LISTED ENTRIES:
------------------------------
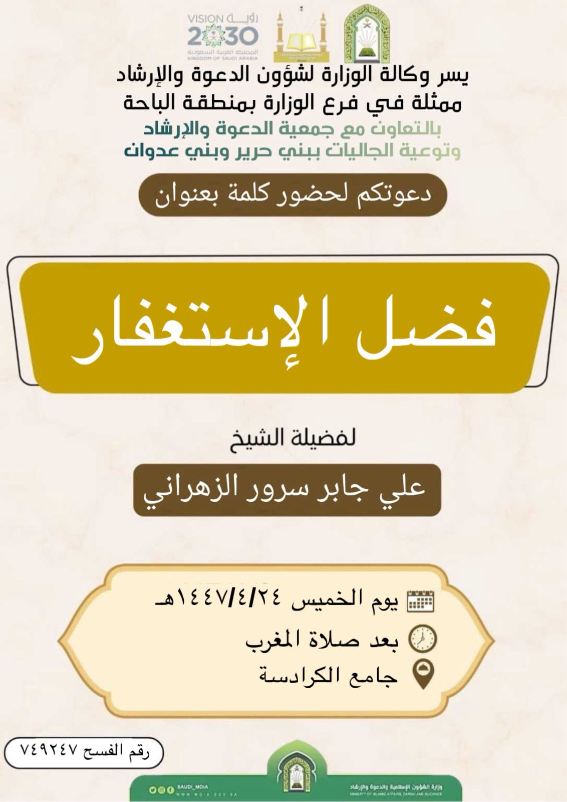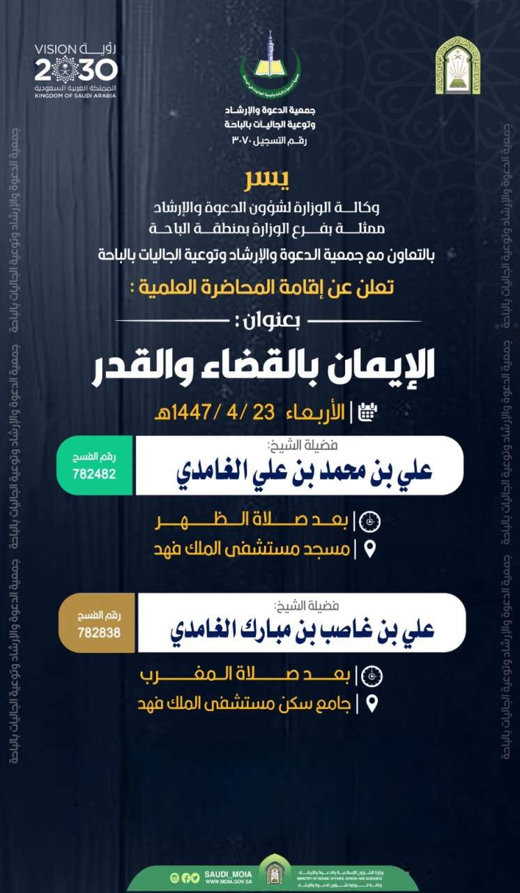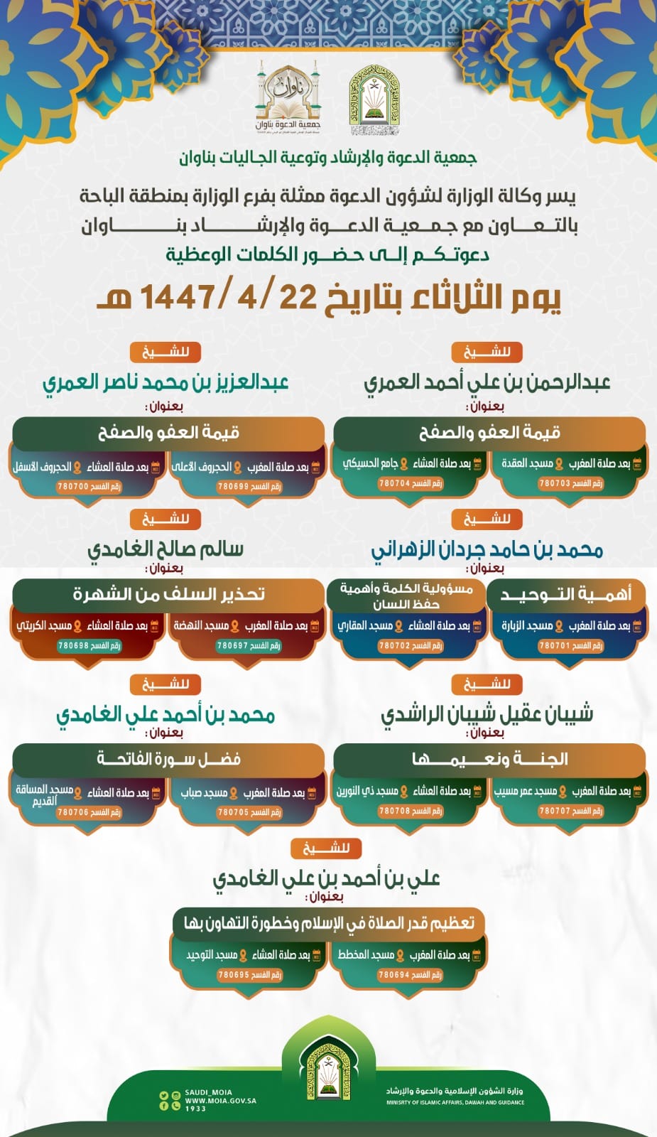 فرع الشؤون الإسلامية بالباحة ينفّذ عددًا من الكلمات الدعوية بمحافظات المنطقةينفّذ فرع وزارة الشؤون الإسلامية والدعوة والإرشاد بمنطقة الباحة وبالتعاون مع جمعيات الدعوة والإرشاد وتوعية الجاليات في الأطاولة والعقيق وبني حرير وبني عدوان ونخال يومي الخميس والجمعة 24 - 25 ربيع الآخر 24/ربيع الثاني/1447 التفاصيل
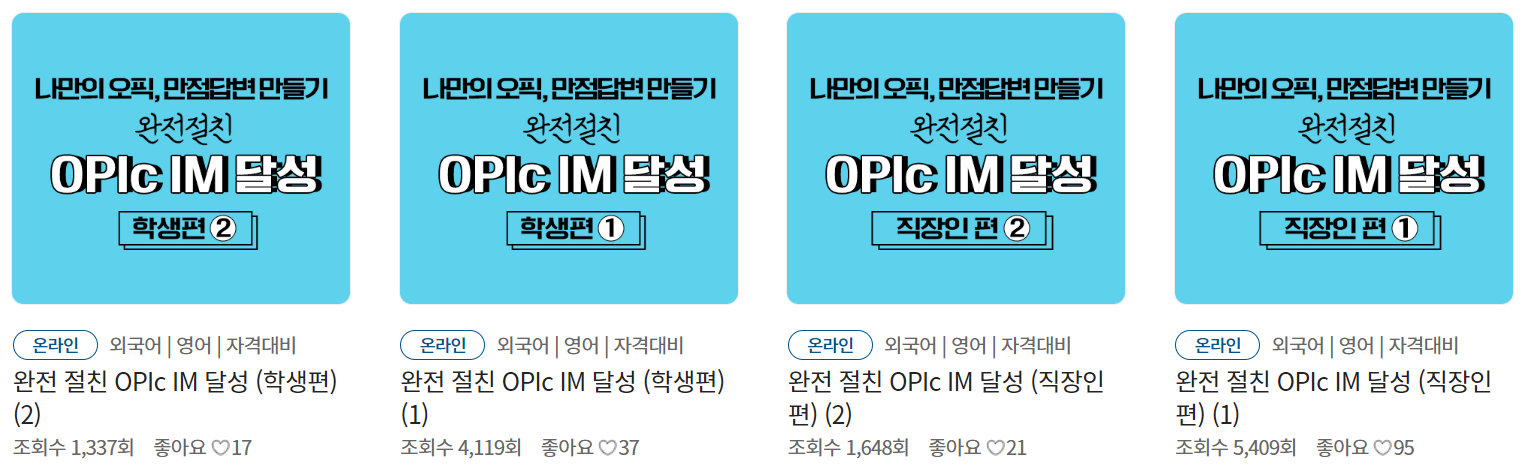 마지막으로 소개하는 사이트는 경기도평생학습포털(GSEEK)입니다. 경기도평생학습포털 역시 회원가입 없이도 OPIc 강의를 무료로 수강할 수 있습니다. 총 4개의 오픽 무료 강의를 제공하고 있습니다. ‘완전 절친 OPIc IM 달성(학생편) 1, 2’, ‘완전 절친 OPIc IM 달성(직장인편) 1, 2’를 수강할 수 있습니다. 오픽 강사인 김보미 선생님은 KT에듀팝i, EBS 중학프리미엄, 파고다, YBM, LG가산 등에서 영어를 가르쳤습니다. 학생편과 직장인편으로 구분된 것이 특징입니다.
------------------------------
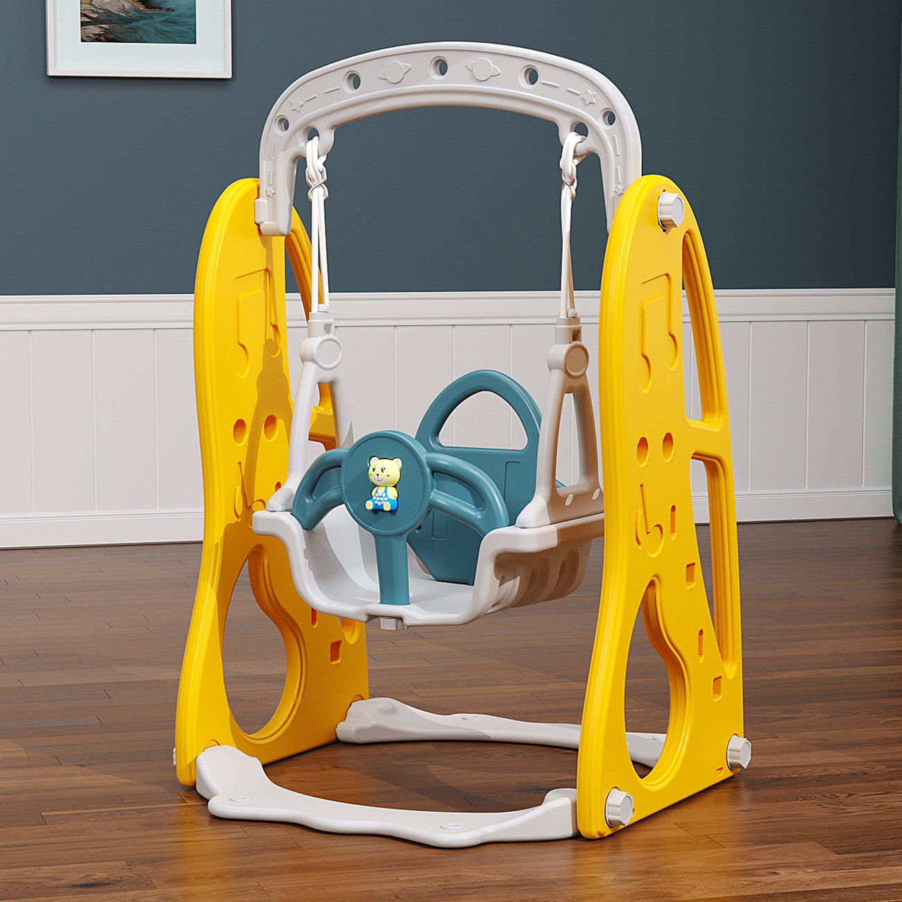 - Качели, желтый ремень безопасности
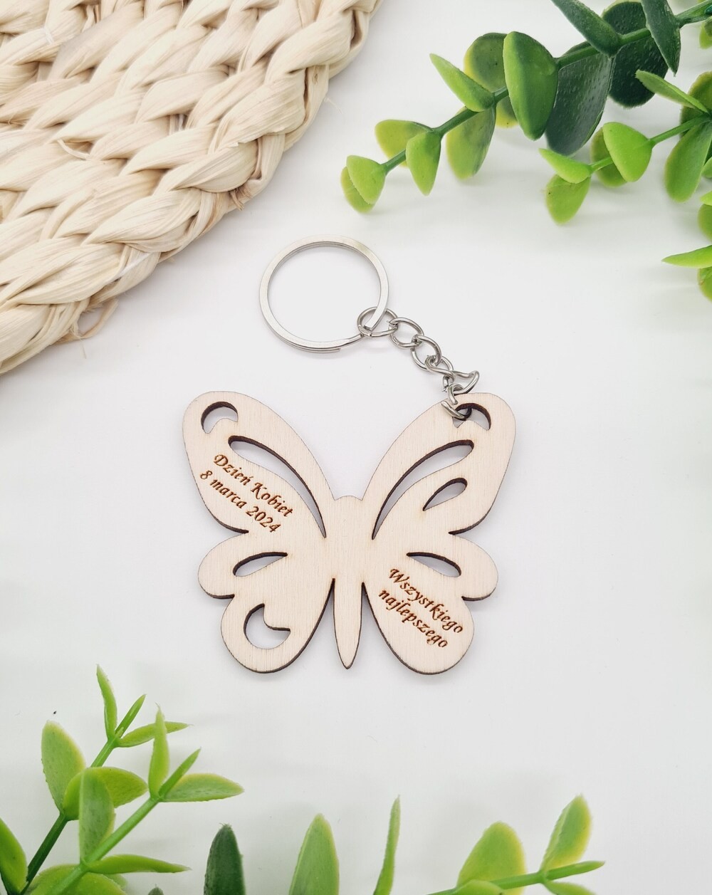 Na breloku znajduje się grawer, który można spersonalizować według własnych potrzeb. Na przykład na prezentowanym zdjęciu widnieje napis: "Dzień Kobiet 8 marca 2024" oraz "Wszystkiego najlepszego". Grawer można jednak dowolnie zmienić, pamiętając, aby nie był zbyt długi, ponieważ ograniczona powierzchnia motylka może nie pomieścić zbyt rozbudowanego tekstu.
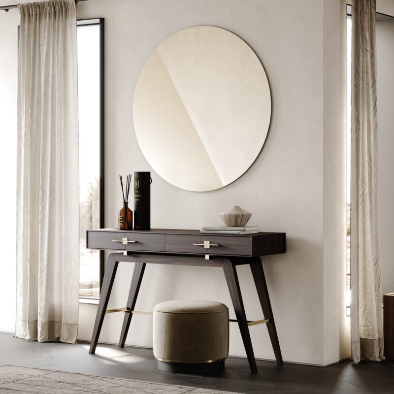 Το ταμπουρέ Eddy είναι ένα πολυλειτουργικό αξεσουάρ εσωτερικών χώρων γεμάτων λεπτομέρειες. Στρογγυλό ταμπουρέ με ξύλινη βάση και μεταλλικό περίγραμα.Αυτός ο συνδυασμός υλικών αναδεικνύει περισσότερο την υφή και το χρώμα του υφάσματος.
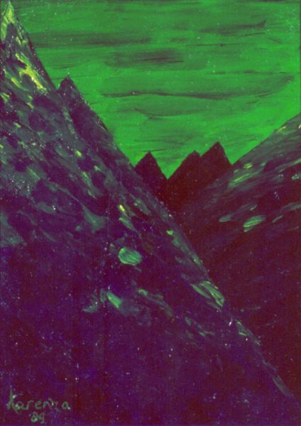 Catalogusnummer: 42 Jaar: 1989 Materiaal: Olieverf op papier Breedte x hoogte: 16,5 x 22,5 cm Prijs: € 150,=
------------------------------
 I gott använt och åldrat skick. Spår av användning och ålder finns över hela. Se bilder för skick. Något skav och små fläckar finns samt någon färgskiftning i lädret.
------------------------------
PROBLEM: Everything above from the line that has "Na breloku znajduje" down to the line that has "Catalogusnummer: 42 Jaar: 1989" should be output exactly, with both of those lines included. Leave the pictures behind.

TASK SOLUTION:
 Na breloku znajduje się grawer, który można spersonalizować według własnych potrzeb. Na przykład na prezentowanym zdjęciu widnieje napis: "Dzień Kobiet 8 marca 2024" oraz "Wszystkiego najlepszego". Grawer można jednak dowolnie zmienić, pamiętając, aby nie był zbyt długi, ponieważ ograniczona powierzchnia motylka może nie pomieścić zbyt rozbudowanego tekstu.
 Το ταμπουρέ Eddy είναι ένα πολυλειτουργικό αξεσουάρ εσωτερικών χώρων γεμάτων λεπτομέρειες. Στρογγυλό ταμπουρέ με ξύλινη βάση και μεταλλικό περίγραμα.Αυτός ο συνδυασμός υλικών αναδεικνύει περισσότερο την υφή και το χρώμα του υφάσματος.
 Catalogusnummer: 42 Jaar: 1989 Materiaal: Olieverf op papier Breedte x hoogte: 16,5 x 22,5 cm Prijs: € 150,=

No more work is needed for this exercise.